YOUR INSTRUCTIONS – Output the lines from the one holding "25秋全新六年级上册语文重点内容课课贴(18页)" to the end of the entries that follow, exactly and only those, minus any pictures.
◇ ◇ ◇ ◇ ◇ ◇ ◇
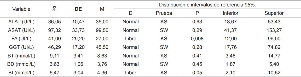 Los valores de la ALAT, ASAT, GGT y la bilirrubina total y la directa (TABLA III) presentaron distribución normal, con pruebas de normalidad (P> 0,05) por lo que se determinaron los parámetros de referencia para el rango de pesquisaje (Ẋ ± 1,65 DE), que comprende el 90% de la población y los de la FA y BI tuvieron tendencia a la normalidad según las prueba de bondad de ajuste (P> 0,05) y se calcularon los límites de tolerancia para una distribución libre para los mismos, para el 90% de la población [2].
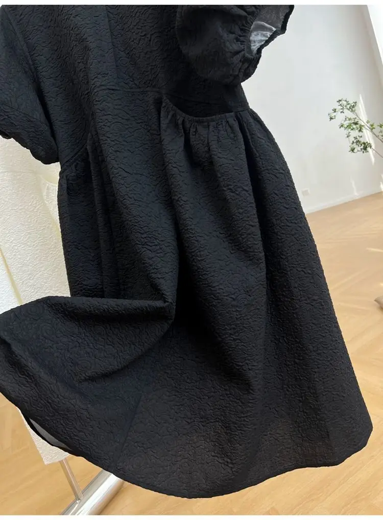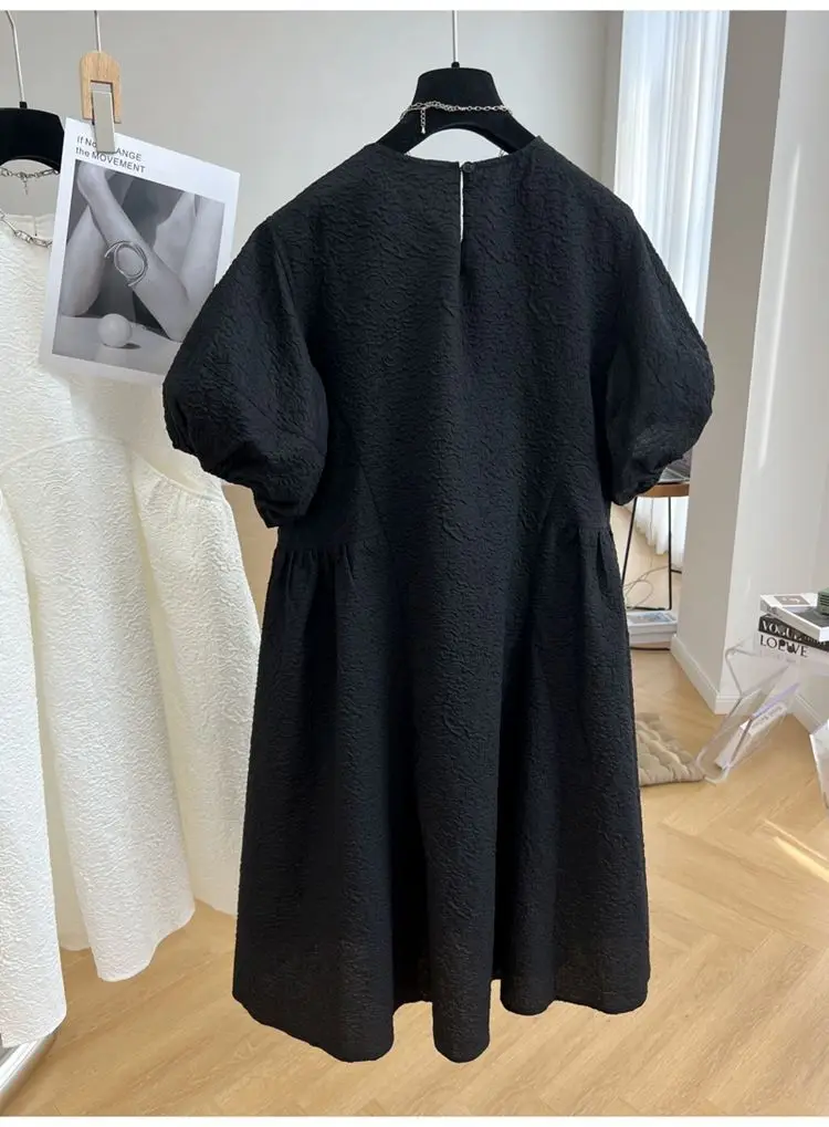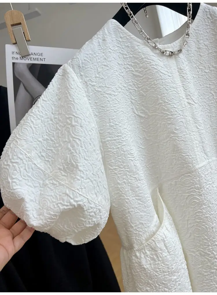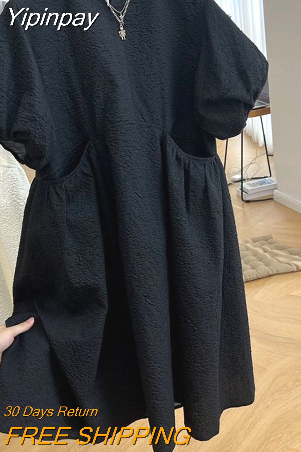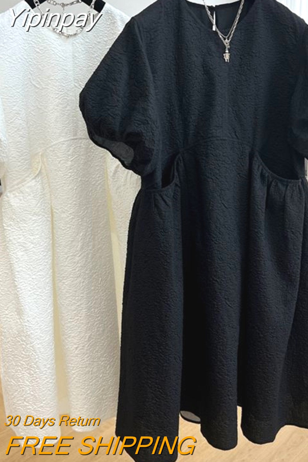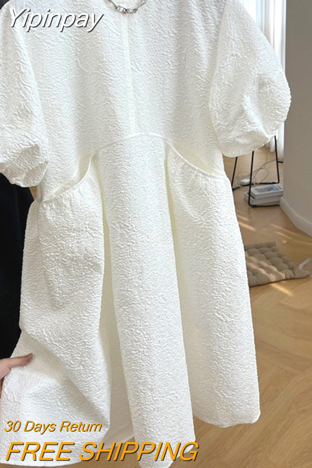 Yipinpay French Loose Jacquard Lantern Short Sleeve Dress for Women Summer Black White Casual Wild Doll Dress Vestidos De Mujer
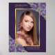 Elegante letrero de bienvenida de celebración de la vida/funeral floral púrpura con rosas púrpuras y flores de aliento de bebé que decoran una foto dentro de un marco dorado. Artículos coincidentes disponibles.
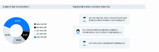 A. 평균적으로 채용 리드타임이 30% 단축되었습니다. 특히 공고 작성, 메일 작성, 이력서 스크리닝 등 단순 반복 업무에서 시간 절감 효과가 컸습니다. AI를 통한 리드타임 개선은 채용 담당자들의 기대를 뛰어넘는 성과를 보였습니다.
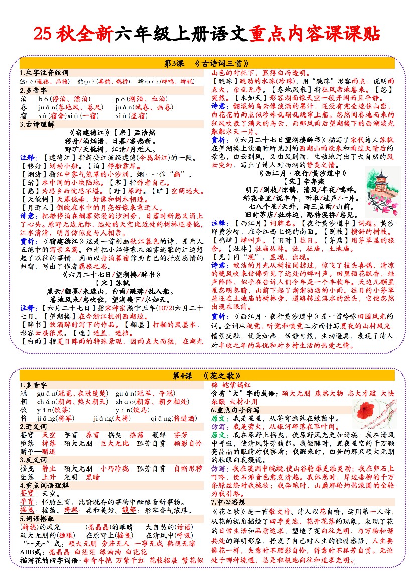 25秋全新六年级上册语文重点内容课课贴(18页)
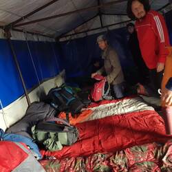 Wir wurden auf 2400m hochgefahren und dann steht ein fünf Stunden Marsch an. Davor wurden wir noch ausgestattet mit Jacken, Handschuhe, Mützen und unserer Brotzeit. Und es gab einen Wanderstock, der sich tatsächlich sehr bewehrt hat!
◇ ◇ ◇ ◇ ◇ ◇ ◇
WRITTEN ANSWER –
 25秋全新六年级上册语文重点内容课课贴(18页)
 Wir wurden auf 2400m hochgefahren und dann steht ein fünf Stunden Marsch an. Davor wurden wir noch ausgestattet mit Jacken, Handschuhe, Mützen und unserer Brotzeit. Und es gab einen Wanderstock, der sich tatsächlich sehr bewehrt hat!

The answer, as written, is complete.